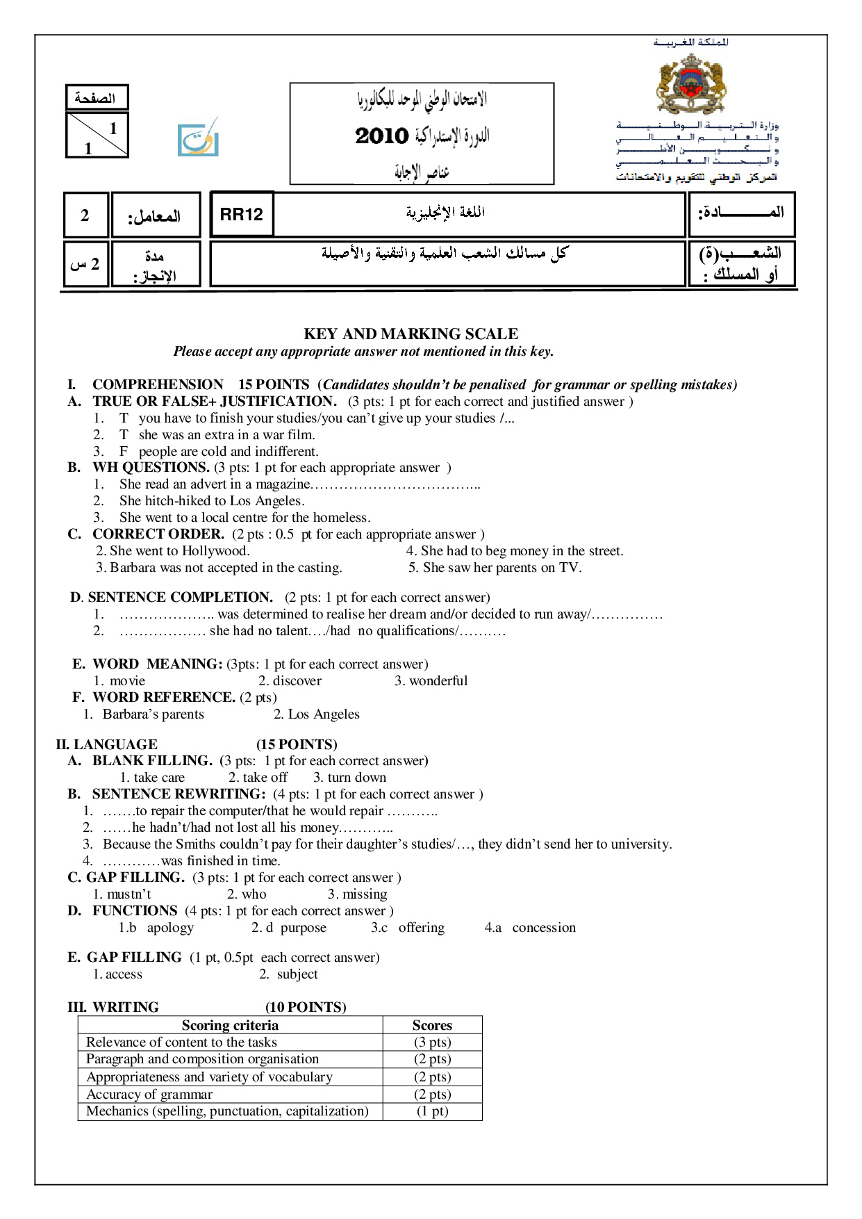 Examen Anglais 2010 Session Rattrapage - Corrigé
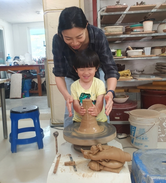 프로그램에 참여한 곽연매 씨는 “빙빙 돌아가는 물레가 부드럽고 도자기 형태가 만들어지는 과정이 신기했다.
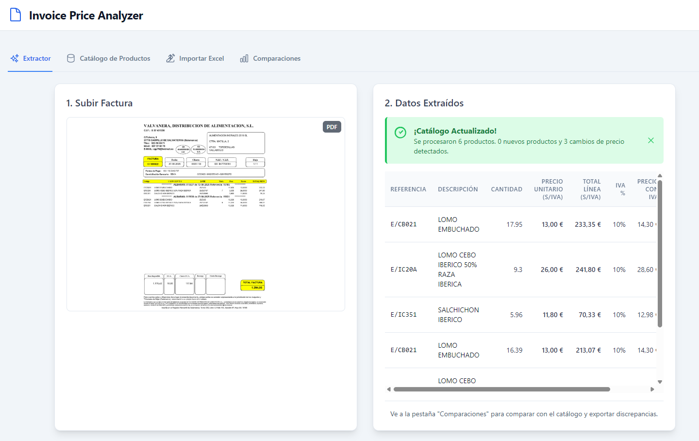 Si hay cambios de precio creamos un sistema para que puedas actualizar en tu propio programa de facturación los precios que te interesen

WHAT IS BEING ASKED:
Without any of the pictures, reproduce the listing above exactly.

EXPECTED ANSWER:
 Examen Anglais 2010 Session Rattrapage - Corrigé
 프로그램에 참여한 곽연매 씨는 “빙빙 돌아가는 물레가 부드럽고 도자기 형태가 만들어지는 과정이 신기했다.
 Si hay cambios de precio creamos un sistema para que puedas actualizar en tu propio programa de facturación los precios que te interesen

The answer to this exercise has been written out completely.